The _LOAD_CONST_INLINE_BORROW is a uop that holds a pre-allocated constant directly in the trace. It carries no refcount churn.

Globals optimization

remove_globals is the analysis pass's special case for LOAD_GLOBAL_*. When it can prove that the globals dict has not mutated since trace projection (the globals watcher is armed), the pass rewrites LOAD_GLOBAL_MODULE to _LOAD_CONST_INLINE_BORROW with the resolved value baked in.

The watcher state lives on monitor.InterpState (already there from v0.11) and is keyed by the dict pointer. The analysis pass queries get_mutations(globals); if it equals the trace's recorded snapshot, the globals load can be folded.

Watchers

Two watchers feed the analysis pass and the executor invalidation path (spec 1697):

  • Globals watcher. globals_watcher_callback (port optimizer_analysis.c:75). Bumps the per-dict mutation counter on every set / delete. The analysis pass reads this counter. The invalidation path walks executors whose bloom filter matches the dict and unlinks them.
  • Type watcher. type_watcher_callback (port optimizer_analysis.c:87). Fires on type or MRO mutation. Same fan-out shape as the globals watcher, keyed by type.

Both watchers register through the existing v0.11 watcher infrastructure (monitor + objects/version.go); the new code adds the callback bodies, not new infrastructure.

Pass ordering

_Py_uop_analyze_and_optimize (port optimizer_analysis.c:626) sequences:

  1. remove_globals(...) if the globals watcher is armed.
  2. optimize_uops(...): the main forward abstract-execution pass.
  3. remove_unneeded_uops(...): compact _NOP rows out of the buffer.

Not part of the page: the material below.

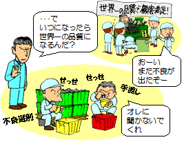 | 後工程はお客様のつもりで不良を流さないようにしなさいという意味です。 精神論的だという批判もありますが、 0や1のような低いレベルの職場では、 このようなモラルすら疲弊していることが多いので、大切な課題です。 |

Each pass mutates the buffer in place. The executor (spec 1697) copies the post-pass buffer when it allocates.

Gate

v012test/analysis_gate_test.go covers four scenarios:

  1. Const fold. Hand-build a trace _LOAD_CONST(2) _LOAD_CONST(3) _BINARY_OP_ADD_INT, run the analysis pass, assert the resulting buffer holds a single _LOAD_CONST_INLINE_BORROW with operand pointing at int(5).
  2. Guard removal. Trace _LOAD_CONST(int 2) _LOAD_CONST(int 3) _GUARD_BOTH_INT _BINARY_OP_ADD_INT. After analysis the guard is _NOP and _BINARY_OP_ADD_INT survives.
  3. Type narrowing. Trace _LOAD_FAST(0) _LOAD_FAST(1) _GUARD_BOTH_INT _BINARY_OP_ADD_INT _GUARD_BOTH_INT. Locals are top at entry; the first guard narrows them to int; the second guard becomes _NOP.
  4. Globals folding. Build a frame with globals = {"x": 5}, trace _LOAD_GLOBAL_MODULE("x"), run analysis with the globals watcher armed and the mutation counter unchanged; assert the load was rewritten to _LOAD_CONST_INLINE_BORROW pointing at 5.